Building in Hangzhou

Haichao Temple (海潮寺 (Hǎicháo Sì)) is a Buddhist temple located in Shangcheng District of Hangzhou, Zhejiang. Alongside Lingyin Temple, Jing Temple and Zhaoqing Temple, it was one of the Four Buddhist Temples in Hangzhou.

==History==
Haichao Temple was originally built in the Wanli period (1573-1620) of the Ming dynasty (1368-1644). Haichao Temple was gradually fell into ruin when the Manchu invasion in the mid-17th century. The Bell Tower and Guanyin Hall were added to the temple in 1829, during the reign of Daoguang Emperor in the Qing dynasty (1644-1911). Haichao Temple was badly damaged in the Taiping Rebellion in 1861. It was renovated and refurbished in 1864. In 1881, abbot Puzhao (普照) built the Buddhist Texts Library for collecting a set of Chinese Buddhist canon, which was granted by Guangxu Emperor.

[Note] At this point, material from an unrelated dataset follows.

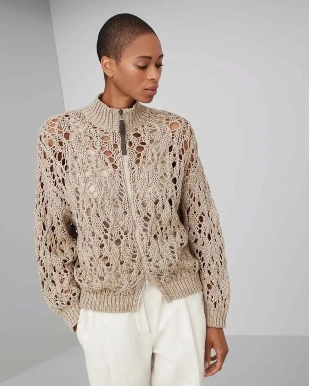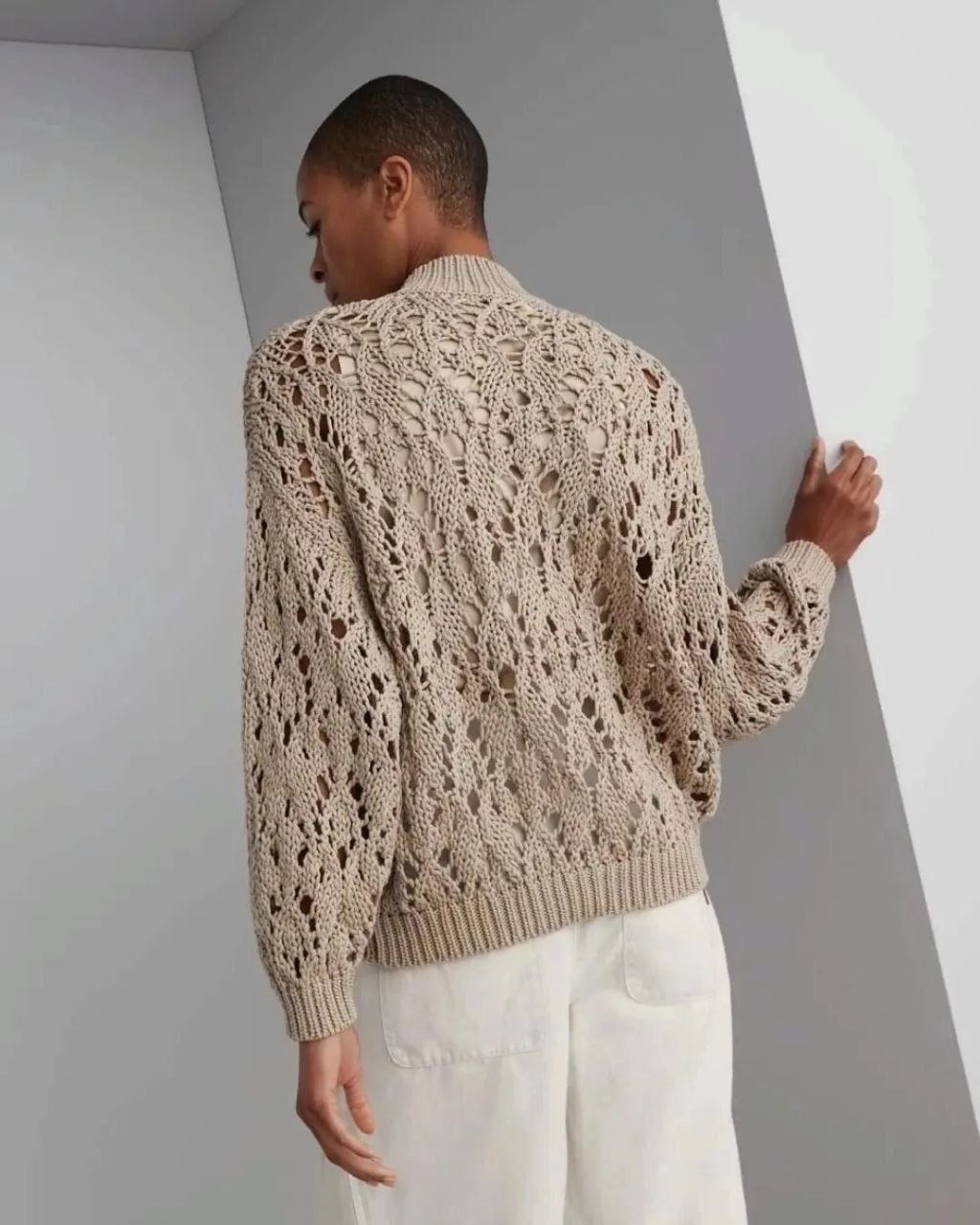 Стильный вязаный бомбер с ажурными узорами и объемными рукавами

After the Second Sino-Japanese War broke out, it was used as the First Provisional Assistant Hospital of Zhejiang Province. In 1958, it became a rubber plant, which was officially called Zhongce Rubber Co., Ltd. (中策橡胶有限公司) in 1992. In 2016, the Hangzhou government planned to rebuild the temple on its original site.

In July 2000, it was inscribed as a municipal level cultural relic conservation unit by the Hangzhou government.

==Architecture==
The temple formerly had many halls and rooms and now only the Hall of Four Heavenly Kings survived. The Hall of Four Heavenly Kings was built in 1890, during the ruling of Guangxu Emperor in late Qing dynasty (1644-1911).